La filière bois au Gabon traverse une phase de croissance que les pouvoirs publics présentent comme la preuve du succès de la transformation locale. Deuxième employeur du pays après l’État, le secteur a été placé au cœur de la stratégie de diversification économique adoptée après la chute des recettes pétrolières. Pourtant, derrière les volumes record enregistrés ces dernières années, un déséquilibre structurel s’installe : l’écrasante majorité des produits transformés à Libreville et dans la zone économique spéciale de Nkok prend la direction d’un seul client, la Chine.
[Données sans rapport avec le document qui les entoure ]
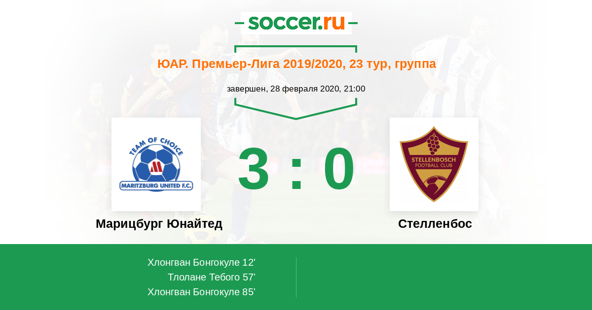12' (1:0) Хлонгван Бонгокуле (21) (Кутумела Табисо (7))

Une transformation locale tirée par un débouché unique
L’interdiction d’exporter des grumes décrétée en 2010 visait à forcer l’industrialisation de la filière sur le sol gabonais. Quinze ans plus tard, le bilan industriel est tangible. La zone économique spéciale de Nkok, exploitée en partenariat avec le groupe singapourien Olam, concentre des dizaines d’unités de sciage, de placage et de contreplaqué, et a fait du Gabon le premier producteur africain de placage. Les exportations de produits transformés ont connu une progression à deux chiffres, soutenant la balance commerciale hors hydrocarbures.
Cette montée en gamme apparente masque néanmoins une concentration commerciale préoccupante. Selon les données reprises par la presse économique gabonaise, près de huit cargaisons sur dix de bois transformé partent vers les ports chinois, où elles alimentent une industrie du meuble et de la construction insatiable. Les marchés européens, longtemps clients historiques de l’okoumé gabonais, ne représentent plus qu’une part résiduelle des envois, freinés par les exigences environnementales du règlement européen sur la déforestation importée.
La rente chinoise, moteur fragile de la diversification
L’exposition au cycle économique chinois transforme chaque ralentissement de Pékin en risque macroéconomique pour Libreville. Lorsque le secteur immobilier chinois s’est contracté, plusieurs scieries de Nkok ont vu leurs commandes chuter, contraignant à des ajustements d’effectifs. Le poids des opérateurs chinois dans la chaîne de valeur amplifie cette dépendance : nombre d’unités industrielles installées au Gabon appartiennent à des groupes chinois ou asiatiques, qui pilotent à la fois l’approvisionnement en grumes, la transformation et la commercialisation à destination de leur marché domestique.
Cette intégration verticale captée par un partenaire unique pose une question de souveraineté économique. La valeur ajoutée réellement retenue sur le territoire gabonais reste limitée lorsque les marges commerciales et logistiques sont consolidées en Asie. Les recettes fiscales tirées du secteur, bien qu’en hausse, demeurent en deçà du potentiel théorique d’une filière qui exploite la deuxième forêt tropicale du continent après celle de la République démocratique du Congo.
Traçabilité et certification, le défi de la décennie
Le second front concerne la durabilité. Bruxelles a adopté le règlement sur les produits issus de la déforestation, qui impose à partir de fin 2025 une traçabilité géolocalisée pour le bois importé dans l’Union européenne. Les opérateurs gabonais qui souhaitent diversifier leurs débouchés au-delà de la Chine devront se conformer à ces exigences, alors que la certification FSC reste l’apanage d’une minorité de concessionnaires. Le retard accumulé dans le déploiement du système national de traçabilité risque d’enfermer durablement la filière dans la dépendance asiatique, faute d’accès aux marchés à plus forte valeur unitaire.
Les autorités issues de la transition militaire engagée en août 2023 ont annoncé une révision du code forestier et un audit des permis attribués sous le régime précédent. Plusieurs concessions ont été suspendues, et un objectif de 100 % de bois certifié à l’horizon 2025 a été réaffirmé, sans qu’un calendrier opérationnel ne soit publié. La capacité de l’administration à arbitrer entre les revenus immédiats tirés des flux vers la Chine et l’investissement dans une filière durable conditionnera la trajectoire des prochaines années.
Reste un paradoxe que les industriels résument volontiers : sans la demande chinoise, la transformation locale n’aurait jamais atteint son échelle actuelle ; avec elle, le Gabon peine à devenir maître de sa propre rente forestière. Selon Info 241, ce dilemme structure désormais l’ensemble du débat sur le modèle économique post-pétrolier du pays.